DLADiff: A Dual-Layer Defense Framework against Fine-Tuning and Zero-Shot Customization of Diffusion Models

Source: arXiv:2511.19910 · Published 2025-11-25 · By Jun Jia, Hongyi Miao, Yingjie Zhou, Linhan Cao, Yanwei Jiang, Wangqiu Zhou et al.

TL;DR

DLADiff addresses a gap that most prior anti-customization work leaves open: defenses for diffusion-model fine-tuning existed, but zero-shot identity customization (for example, FaceID-style methods that use a single reference image without weight updates) remained largely undefended. The paper’s core idea is to treat these as two different threat surfaces and apply two different perturbation layers: one optimized to poison fine-tuning via surrogate-model-based adversarial training, and a second, simpler perturbation targeted at fixed identity encoders used by zero-shot pipelines.

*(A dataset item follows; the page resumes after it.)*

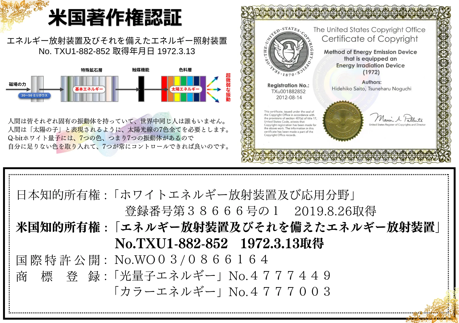私の開発したQ-bitホワイト量子で、あらゆる分野における量子レベルの振動エネルギーを本来の正常な状態に戻し、で対象物質をより良い物質に変化させるために邁進してまいります。

The reported results show a clear split in effectiveness by attack type. On fine-tuning defenses, DLADiff improves over prior baselines on identity-degradation metrics while also hurting visual fidelity of generated outputs, and it generalizes across DreamBooth/LoRA and across SD model versions. On zero-shot defenses, the method is much more dramatic: Table 4 shows ISMpro/ISMgen dropping from roughly 0.95/0.40-0.62 for prior defenses to about 0.07-0.09/0.038-0.084 for DLADiff across FaceID and Instance-ID, indicating that the protected images become far less useful for identity-conditioned generation.

Key findings

Table 1: On CelebA-HQ with DreamBooth and prompt "a photo of sks person", DLADiff reduces FDR to 0.201 and ISM to 0.096, versus Anti-diffusion at 0.802 FDR and 0.425 ISM.
Table 1: On VGGFace2 with the same prompt, DLADiff reaches 0.608 FDR and 0.263 ISM, compared with Anti-diffusion at 0.824 FDR and 0.318 ISM.
Table 2: When optimized against DreamBooth but evaluated under LoRA transfer, DLADiff achieves FDR = 0.728, ISM = 0.199, FID = 182.4, and MOS = 1.37, outperforming Anti-diffusion (FDR = 0.825, ISM = 0.298, MOS = 2.72).
Table 3: Under transfer from SD-v2.1 protection to SD-v1.5 fine-tuning, DLADiff obtains FDR = 0.070, ISM = 0.031, FID = 407.8, and NSFWR = 0.733, substantially stronger than Anti-diffusion (FDR = 0.258, ISM = 0.139, NSFWR = 0.493).
Table 4: For FaceID zero-shot generation on CelebA-HQ, DLADiff drives ISMpro to 0.090 and ISMgen to 0.039, versus 0.951-0.971 ISMpro and 0.405-0.412 ISMgen for prior defenses.
Table 4: For Instance-ID zero-shot generation on VGGFace2, DLADiff reaches ISMpro = 0.077 and ISMgen = 0.058, versus 0.960-0.968 ISMpro and 0.606-0.622 ISMgen for prior defenses.
Table 5 ablation: removing DSUR raises ISM from 0.096 to 0.160 and FDR from 0.201 to 0.316; removing ADFT raises ISM to 0.277 and FDR to 0.607, showing both components matter.
Table 5 ablation: removing the zero-shot layer collapses zero-shot protection, with FaceID ISMpro/ISMgen returning to 0.974/0.398 and Instance-ID to 0.965/0.618.

Threat model

The attacker is an unauthorized diffusion-model user who acquires protected personal photos and attempts to reproduce the target identity either by fine-tuning a generative model (DreamBooth, LoRA) or by using a zero-shot identity-conditioning method (FaceID, Instance-ID) that relies on a fixed face encoder. The attacker may choose prompts and model variants, but is assumed not to have access to any secret key or ability to remove the published perturbation before using the images. The defender can publish only perturbed images and may use white-box access to surrogate models during perturbation generation, but cannot assume control over the attacker’s downstream training pipeline.

Methodology — deep read

Threat model: the adversary is an unauthorized user who obtains protected portrait images and tries to customize a diffusion model to recreate a specific identity. The paper explicitly covers two adversary classes: (1) fine-tuning attackers who can run DreamBooth or LoRA on a small image set and update model weights, and (2) zero-shot attackers who feed one reference image into a fixed identity encoder such as ArcFace/FaceID/Instance-ID without changing weights. The defender can preprocess the published images to add bounded perturbations, but cannot control the attacker’s training procedure or inference prompt. The paper assumes the attacker may use different prompts at inference time and may transfer from the surrogate model used during protection to related models (for example, SD-v2.1 to SD-v1.5, or DreamBooth to LoRA).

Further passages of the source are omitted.